There are likely more famous people who apprenticed as bookbinders and left the field, than bookbinders who are well known. Hope for all of us in a second career?
George Davis, 1850-1907, Father of chemical engineering
Rudolf Diesel, 1858-1913(?), Inventor of diesel engine
Johan Most, 1846-1906, Anarchist
Michael Faraday, 1791-1867, Discovered electromagnetic induction
Johann Strauss, 1804-1849, Musician
Josef Sudek, 1896-1976, Photographer
William Swain, Inventor of Quack Patent Medicine “Swaim’s Panacea”
Others?
If you will allow me to strut and swagger a bit, I listed a few in the last rhyme in my “Struwwelbinder; oor, Ruthless Rhymes for Brutal Bookbinders”:
…Perhaps as great as Faraday,
Or A.R. Spofford (in his day),
Or Major General Henry Knox
(Washington’s crony, who piled rocks),
James Murray, Lexicographer,
John Bartlett, quoting up a stir,
Tom Holmes a-listing Mathers olden,
Old Strauss composing waltzes golden.
Where some went well, yet some went ill:
Like often-execrated Gilles
de Rais, companion to St. Joan,
Cagliostro (Count) and Al Capone….
These men differ in their degrees of bookbinderliness. Knox (Washington’s chief of artillery and later our first Secretary of War), Faraday (in some opinions the greatest scientist of the 19th century, Strauss, and Holmes all served their full apprenticeships and worked as journeymen before taking up their later careers. Holmes, whose bibliographies of Cotton and Increase Mather are still, after eighty years, regarded as keys to Colonial history, had been a top forwarder (at the Club Bindery) before he left the bench. Spofford (who made the Library of Congress what it is) and Bartlett (of the Familiar Quotations) are a bit more amorphous: they seem to have been apprenticed as binders, but in general bookselling and stationers’ shops, and they rapidly left hand work.

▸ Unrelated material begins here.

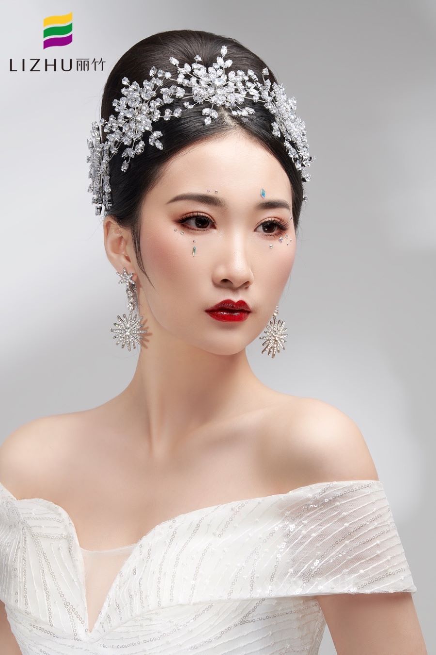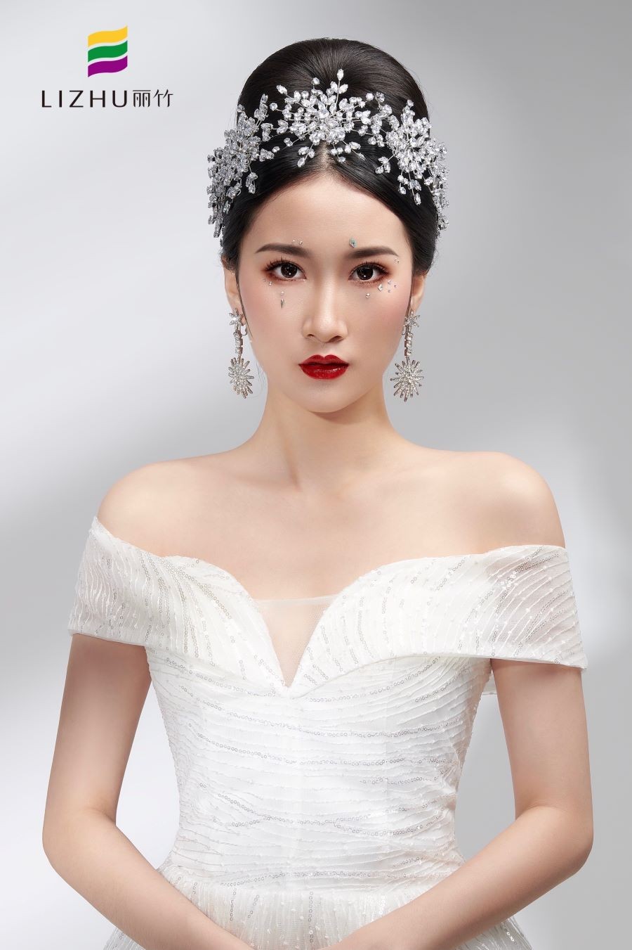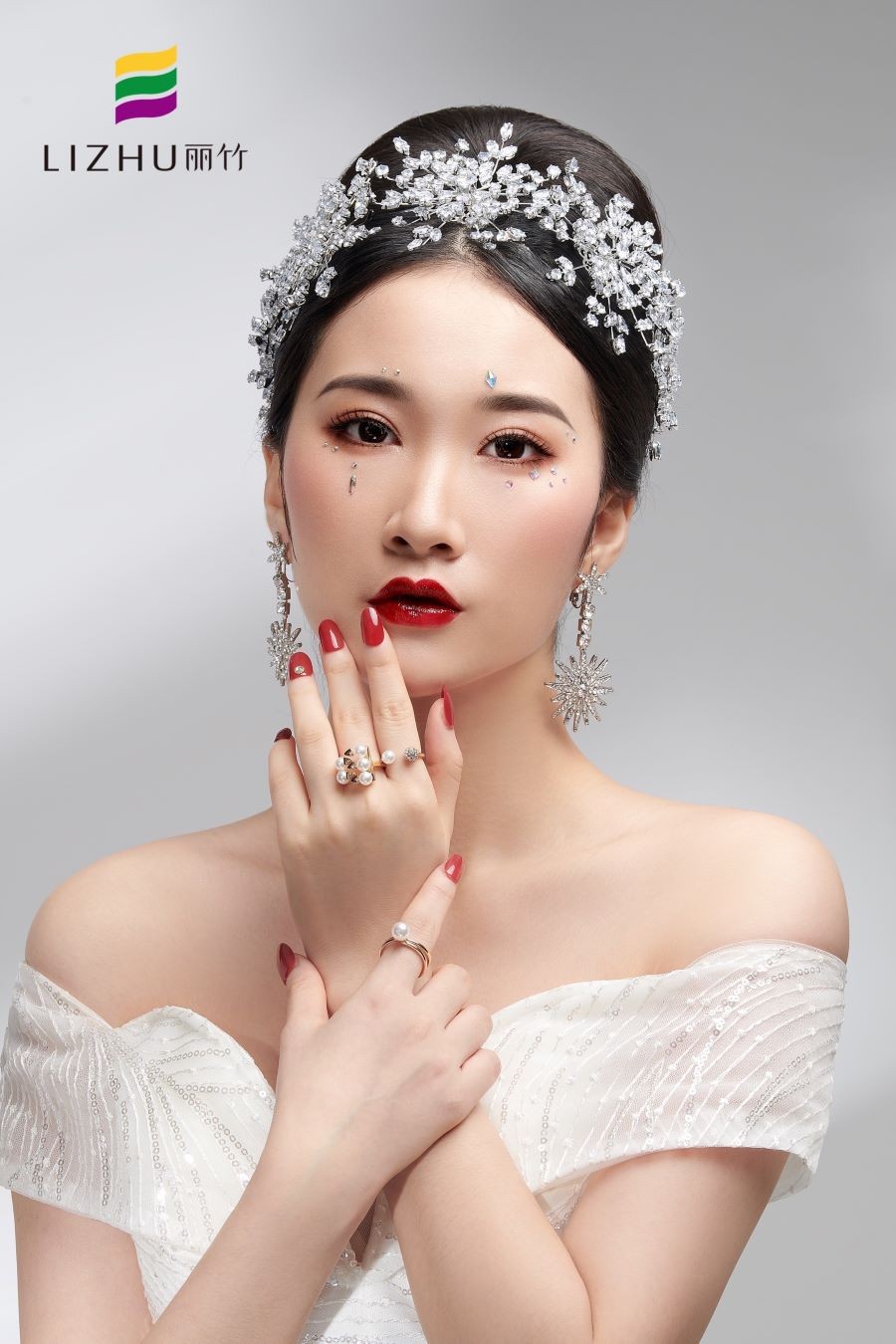 南寧技術好的彩妝培訓(麗竹彩妝學校)作品:鉆石新娘造型:輕薄不厚重的底妝做基礎,描繪淡雅而精致的妝容,打造Blingbling的眼妝。搭配碎鉆貼面營造靈動感,頭飾與眼部鉆石磚石相互呼應。

At the other extreme: Al Capone worked for a few weeks as a cloth cutter in an edition bindery. I know of Murray and de Rais as amateur bookbinders from one mention of each in biographies of them. De Rais, by the way, is among those who went ill, not for his youthful friendship with St. Joan, but for his conviction decades later as a heretic, mass murderer, and pedophile. I believed for decades that Cagliostro was a bookbinder in his youth, but when I tried to check this I found so little support that I reluctantly concluded that he was no such thing. I blame it on the man himself, though: “Impersonating a Bookbinder” is a small addition to the list of his japeries, and well in line with them, even if the impersonation happened only a couple of centuries after his death.
Of your seven names I knew only Faraday and Strauss. I’m looking forward to reading about the others.